Octavius, victorious and at the head of his fleet, arrived in Alexandria as well. Cleopatra came out of her mausoleum and received him. She applied the same seductive skills that secured her Caesar and Mark Anthony successively, but Octavius, a glacial adversary little bothered by sex, was immune to her charms which slid off him like rain on duck feathers.

He threatened to take her to Rome chained to his chariot, so that she might signal his triumph. Cleopatra returned to her mausoleum, locked herself inside, and killed herself by having a venomous snake bite her.

Meanwhile, Octavius, the sole and indisputable master of the Empire, was recompensing those who had supported him and aided him in his triumph. He named Evrikles head of the Spartans, and in fact master of the Peloponnese, and gave him the island of Kythira as his own personal property. Evrikles effectively became a sort of prince of Kythira.

Octavius became Augustus, master of the greatest empire on earth. Having reached the pinnacle of glory, and perhaps involuntarily disconcerted by the dramatic fall of two masters, Anthony and Cleopatra, he worried about his succession, and went to Delphi to the temple of Pythia.

Under this name, a succession of oracles had operated since the beginning of time, predicting the future to the world’s greatest in exchange for enormous emoluments. The Pythia used allusions, metaphors and ambiguity when responding to questions posed by visitors.
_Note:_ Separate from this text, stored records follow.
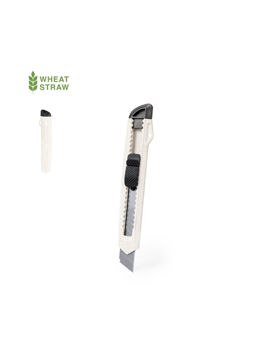 Cutter con cuchilla ancha fabricado en caña de trigo. Mango ergonómico troquelado con capucha extraíble para ajuste de corte de cuchilla, con mecanismo de bloqueo para mayor seguridad. Con logotipo caña de trigo incluido. Presentado individualmente en bolsa de papel reciclado. .La caña de trigo fomenta la utilización de materias primas naturales, reduciendo así las emisiones contaminantes.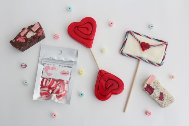 また、両端から食べていただきたい2つのハートと、手紙の代わりに渡していただきたいレターでメッセージを伝える2種の「ロリポップ」や、人気のチョコレート菓子「ロッキーロード」などもご用意しております。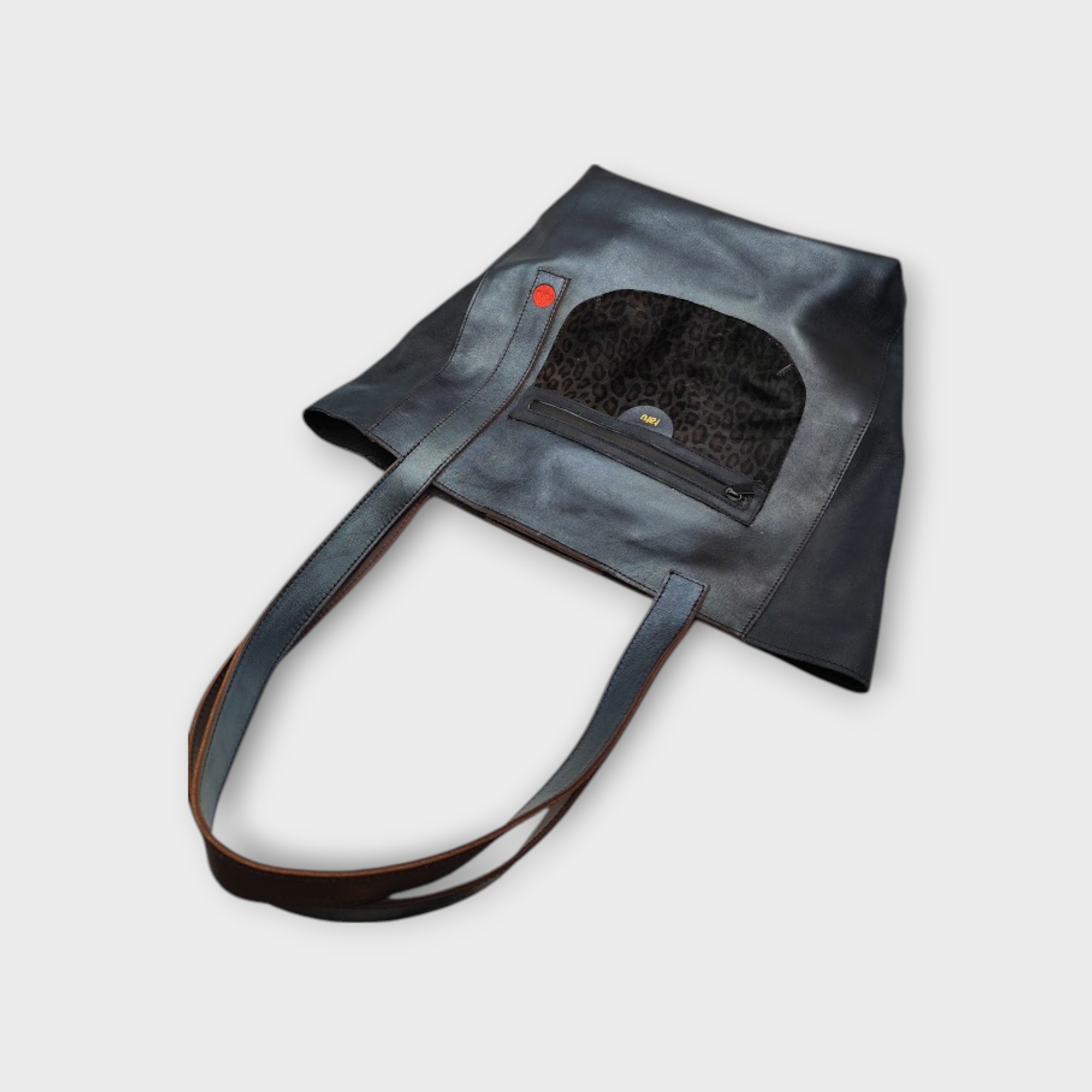 Szín: grafit, kékes fényű marhabőr, festett leopárd mintás szőr éjjkék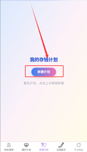 3、存钱计划:用户也可以新建需要的存钱计划,设置存钱目标,有效实现存钱储蓄,监控花费。

One who wanted to comprehend the premonitions would comprehend them, or rather, the premonitions could be understood however one wanted.

When the almighty emperor appeared before Pythia inquiring about the identity of his successor, she took her time, chewing on some bay leaves as was her habit, and allowing the fragrant and mildly hallucinogenic fumes that wafted from a hole in the ground to envelope and inspire her, and then she responded:

“A Hebrew child who reigns among the dead orders me to abandon this place and go immediately to Hades*, leaving silence on our altars.”

Did Augustus understand a word of this strange prediction that nevertheless would prove to be so accurate?